[Start of Attachment]

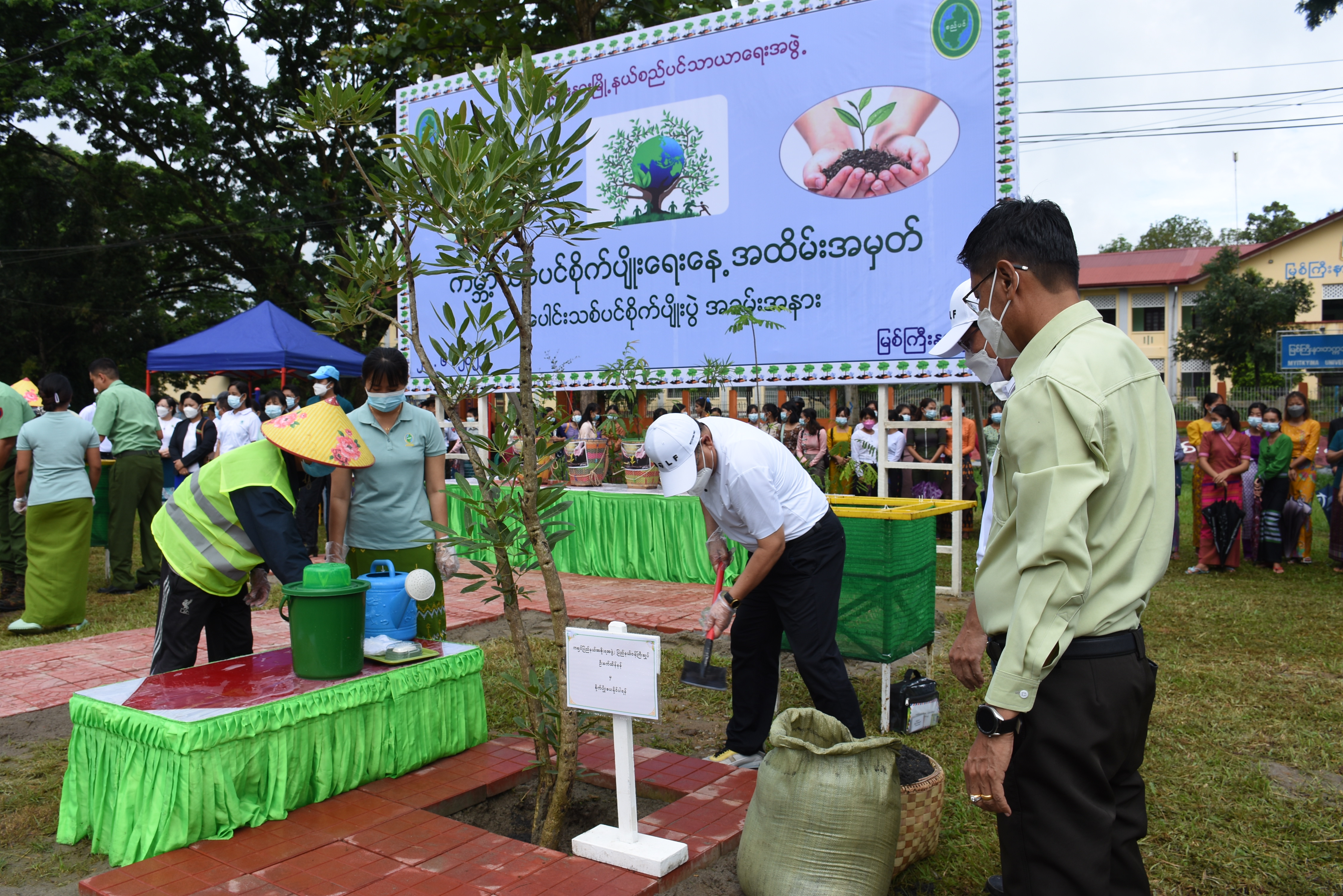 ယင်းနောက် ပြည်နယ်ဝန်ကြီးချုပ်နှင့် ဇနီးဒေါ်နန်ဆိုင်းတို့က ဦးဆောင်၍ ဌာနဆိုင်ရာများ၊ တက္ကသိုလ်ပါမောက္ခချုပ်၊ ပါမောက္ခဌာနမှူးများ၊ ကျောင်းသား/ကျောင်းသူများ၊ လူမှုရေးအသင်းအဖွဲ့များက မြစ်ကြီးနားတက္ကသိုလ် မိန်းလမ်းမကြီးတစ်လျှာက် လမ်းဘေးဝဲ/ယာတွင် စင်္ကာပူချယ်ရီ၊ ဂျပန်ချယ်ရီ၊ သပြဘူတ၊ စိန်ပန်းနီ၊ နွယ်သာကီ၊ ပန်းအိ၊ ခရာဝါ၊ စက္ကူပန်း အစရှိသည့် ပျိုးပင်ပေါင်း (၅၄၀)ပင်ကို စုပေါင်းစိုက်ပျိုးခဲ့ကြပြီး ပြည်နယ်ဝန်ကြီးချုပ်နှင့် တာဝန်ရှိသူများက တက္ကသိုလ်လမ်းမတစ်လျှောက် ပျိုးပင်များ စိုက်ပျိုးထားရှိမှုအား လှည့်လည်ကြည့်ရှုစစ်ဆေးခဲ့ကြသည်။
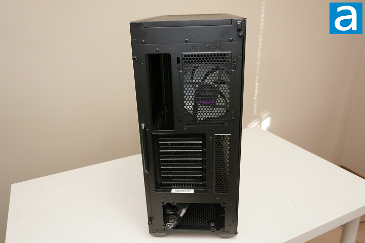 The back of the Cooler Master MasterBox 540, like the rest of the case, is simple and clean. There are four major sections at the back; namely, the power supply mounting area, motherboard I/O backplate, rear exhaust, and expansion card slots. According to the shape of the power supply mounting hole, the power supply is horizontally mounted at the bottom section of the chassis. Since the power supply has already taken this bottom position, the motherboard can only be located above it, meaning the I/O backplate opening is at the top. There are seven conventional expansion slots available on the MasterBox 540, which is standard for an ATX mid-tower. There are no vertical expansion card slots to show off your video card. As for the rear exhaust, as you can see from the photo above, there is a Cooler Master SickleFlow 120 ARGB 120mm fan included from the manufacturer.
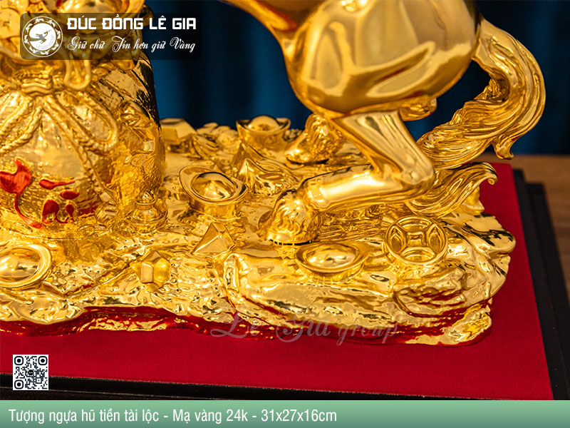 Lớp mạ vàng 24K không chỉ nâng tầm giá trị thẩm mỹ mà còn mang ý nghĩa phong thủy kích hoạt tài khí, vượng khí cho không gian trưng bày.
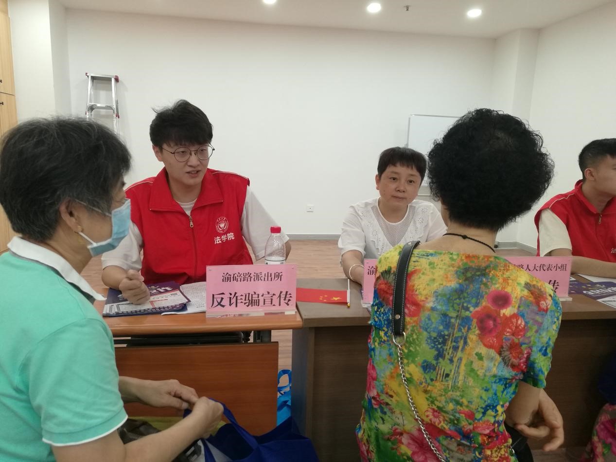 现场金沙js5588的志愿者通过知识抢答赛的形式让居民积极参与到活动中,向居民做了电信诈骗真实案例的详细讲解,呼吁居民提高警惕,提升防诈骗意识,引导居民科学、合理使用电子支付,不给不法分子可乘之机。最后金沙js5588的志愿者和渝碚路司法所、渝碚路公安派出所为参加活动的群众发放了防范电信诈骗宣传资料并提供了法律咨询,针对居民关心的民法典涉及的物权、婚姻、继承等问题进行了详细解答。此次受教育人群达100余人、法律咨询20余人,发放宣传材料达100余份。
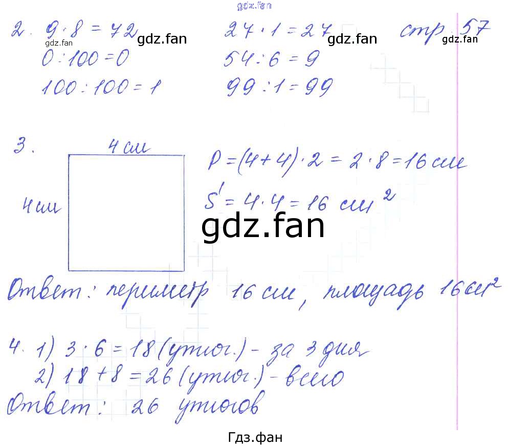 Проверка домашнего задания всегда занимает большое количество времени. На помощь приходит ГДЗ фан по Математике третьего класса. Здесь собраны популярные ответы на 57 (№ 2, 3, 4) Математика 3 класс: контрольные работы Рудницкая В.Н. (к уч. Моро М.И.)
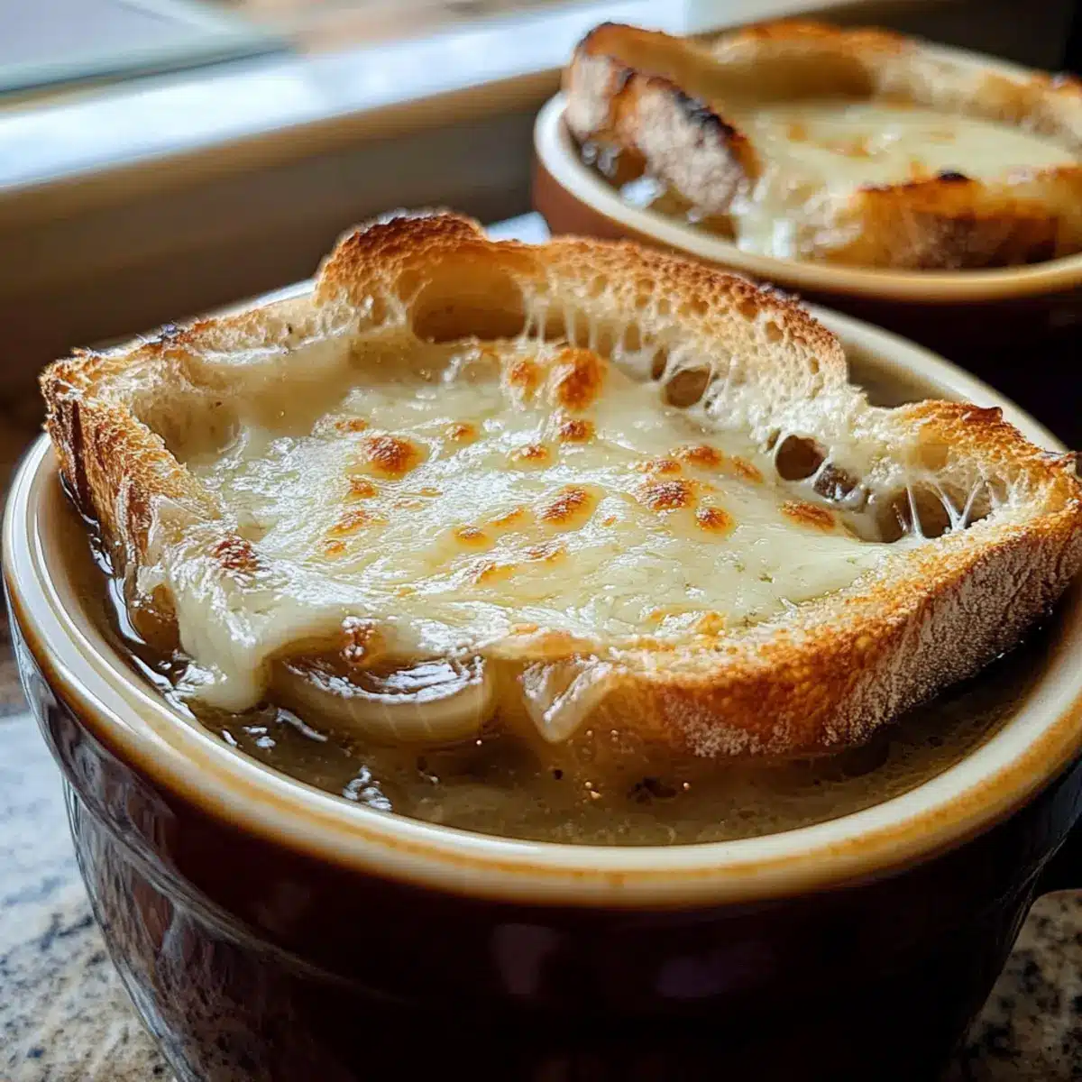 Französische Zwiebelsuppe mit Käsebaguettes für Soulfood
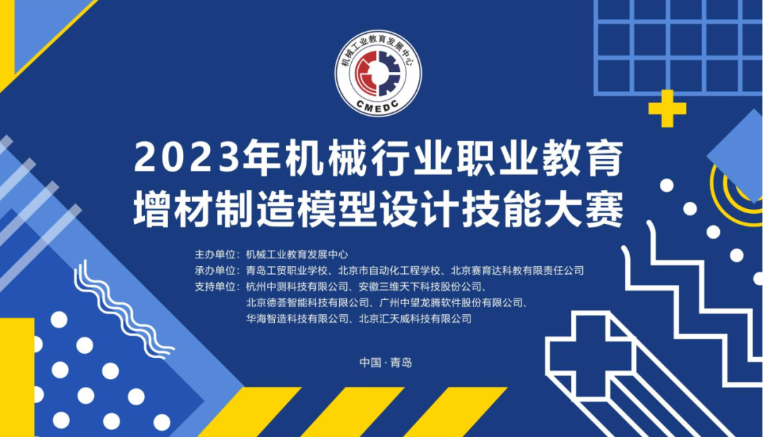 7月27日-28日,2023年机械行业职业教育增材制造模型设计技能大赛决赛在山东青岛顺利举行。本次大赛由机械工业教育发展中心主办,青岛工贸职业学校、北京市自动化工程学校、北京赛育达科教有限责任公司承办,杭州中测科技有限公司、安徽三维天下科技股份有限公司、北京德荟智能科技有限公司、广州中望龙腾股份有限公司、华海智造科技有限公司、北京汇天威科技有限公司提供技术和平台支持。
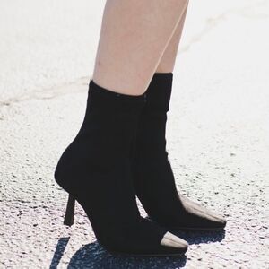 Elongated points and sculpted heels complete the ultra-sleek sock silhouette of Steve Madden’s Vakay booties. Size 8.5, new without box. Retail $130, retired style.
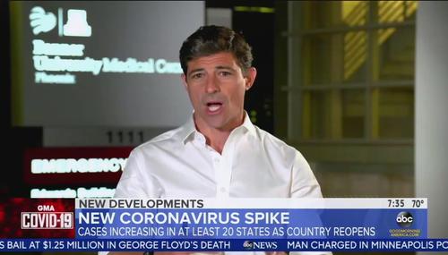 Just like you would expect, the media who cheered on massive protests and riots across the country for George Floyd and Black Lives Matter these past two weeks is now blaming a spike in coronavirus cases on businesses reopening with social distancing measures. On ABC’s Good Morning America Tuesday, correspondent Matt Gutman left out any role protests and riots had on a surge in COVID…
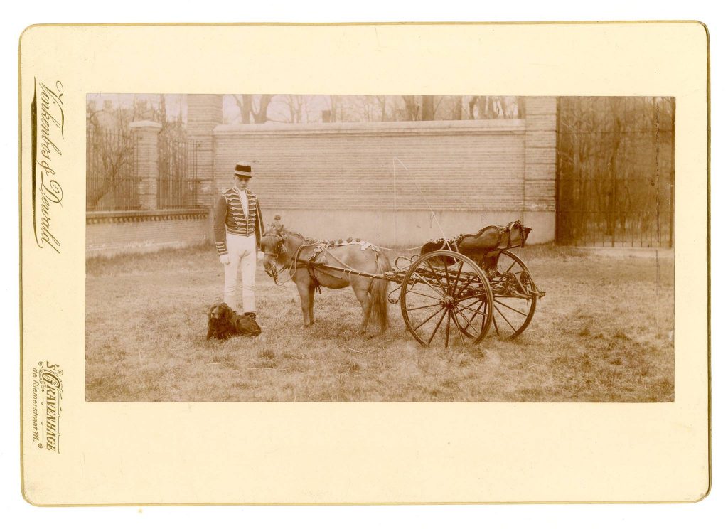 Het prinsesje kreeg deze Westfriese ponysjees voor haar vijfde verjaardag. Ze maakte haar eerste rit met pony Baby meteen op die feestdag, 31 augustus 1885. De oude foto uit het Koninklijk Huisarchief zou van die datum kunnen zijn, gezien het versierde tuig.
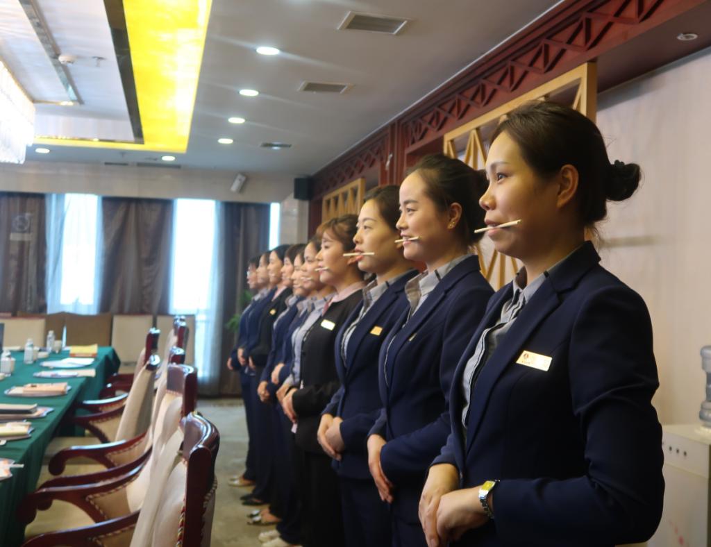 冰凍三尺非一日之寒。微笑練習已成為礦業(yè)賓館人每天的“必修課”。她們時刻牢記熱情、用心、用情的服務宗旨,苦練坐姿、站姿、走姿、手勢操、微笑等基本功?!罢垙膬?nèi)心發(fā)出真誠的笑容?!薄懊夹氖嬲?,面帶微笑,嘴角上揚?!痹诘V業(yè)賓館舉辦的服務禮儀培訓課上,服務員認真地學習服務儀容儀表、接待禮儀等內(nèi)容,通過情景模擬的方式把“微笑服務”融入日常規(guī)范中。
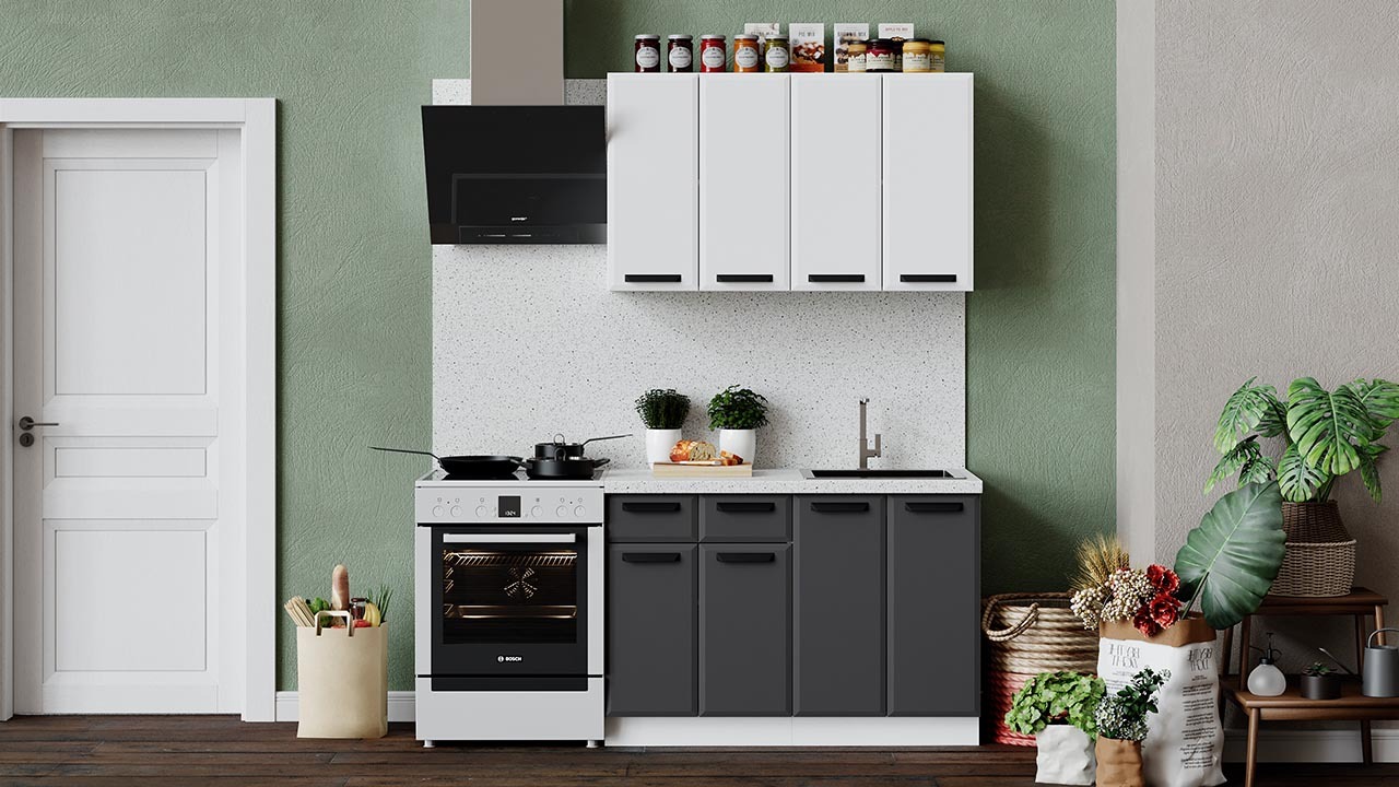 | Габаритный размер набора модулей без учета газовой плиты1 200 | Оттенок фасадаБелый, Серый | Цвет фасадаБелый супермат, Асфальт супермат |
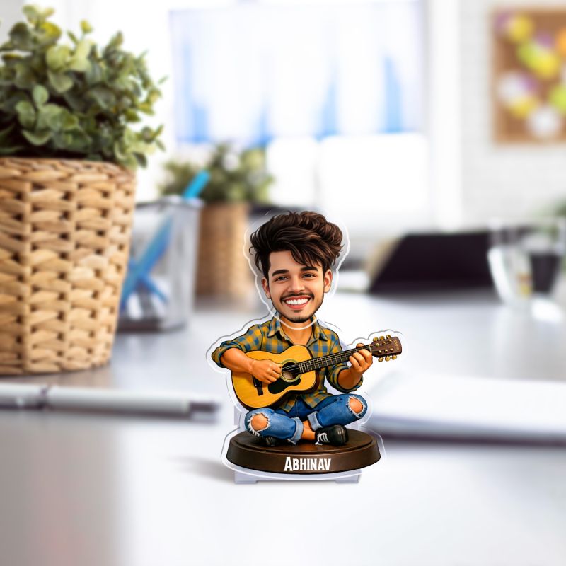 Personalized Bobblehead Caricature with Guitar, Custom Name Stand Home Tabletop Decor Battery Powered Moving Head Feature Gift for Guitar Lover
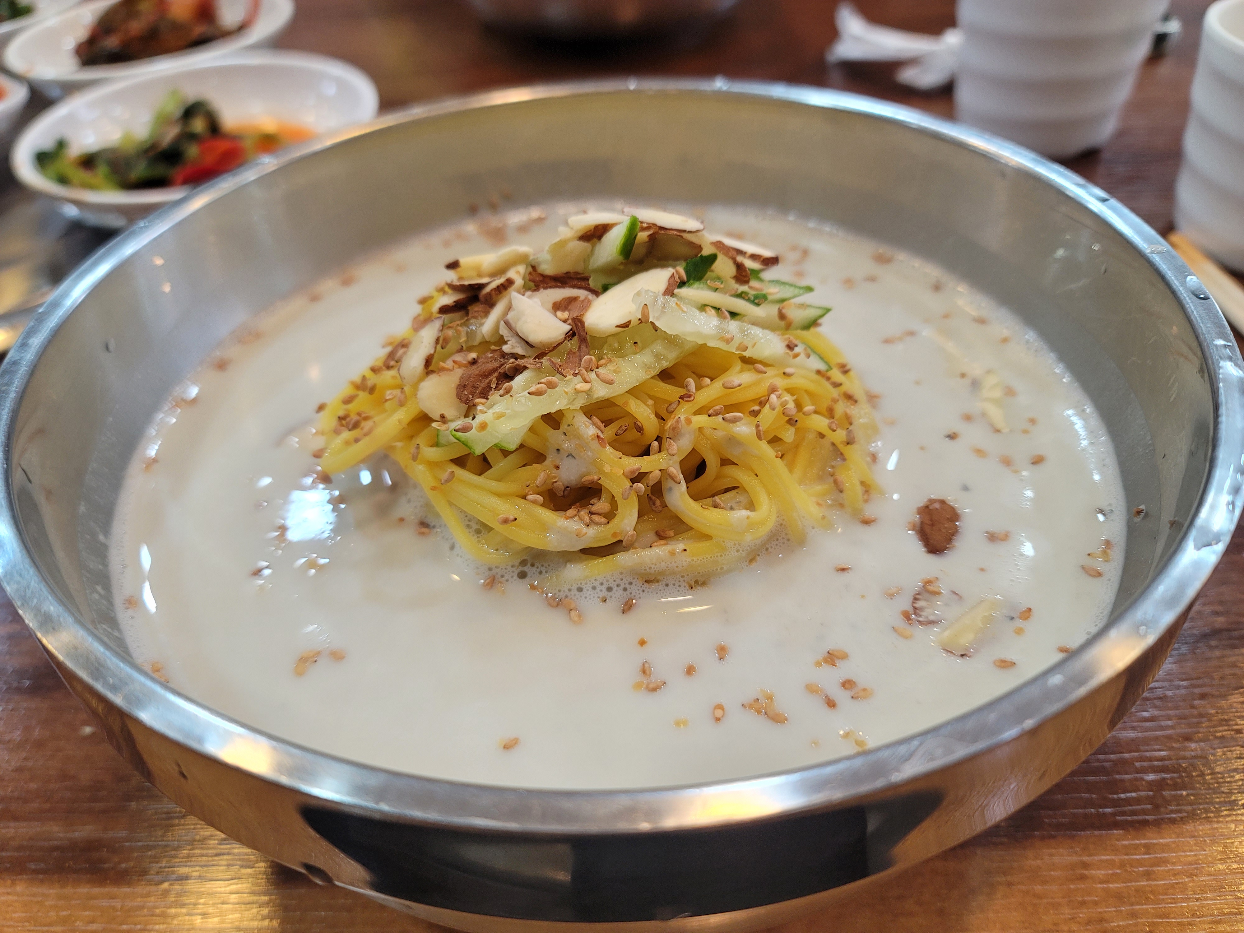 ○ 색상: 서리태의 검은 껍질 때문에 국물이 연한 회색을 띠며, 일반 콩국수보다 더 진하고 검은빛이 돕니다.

[End of Attachment]

About this task: Print nothing except the lines from the one with "Personalized Bobblehead Caricature" through the last line of the listing, exactly as written and with pictures removed.

Response to the exercise:
 Personalized Bobblehead Caricature with Guitar, Custom Name Stand Home Tabletop Decor Battery Powered Moving Head Feature Gift for Guitar Lover
 ○ 색상: 서리태의 검은 껍질 때문에 국물이 연한 회색을 띠며, 일반 콩국수보다 더 진하고 검은빛이 돕니다.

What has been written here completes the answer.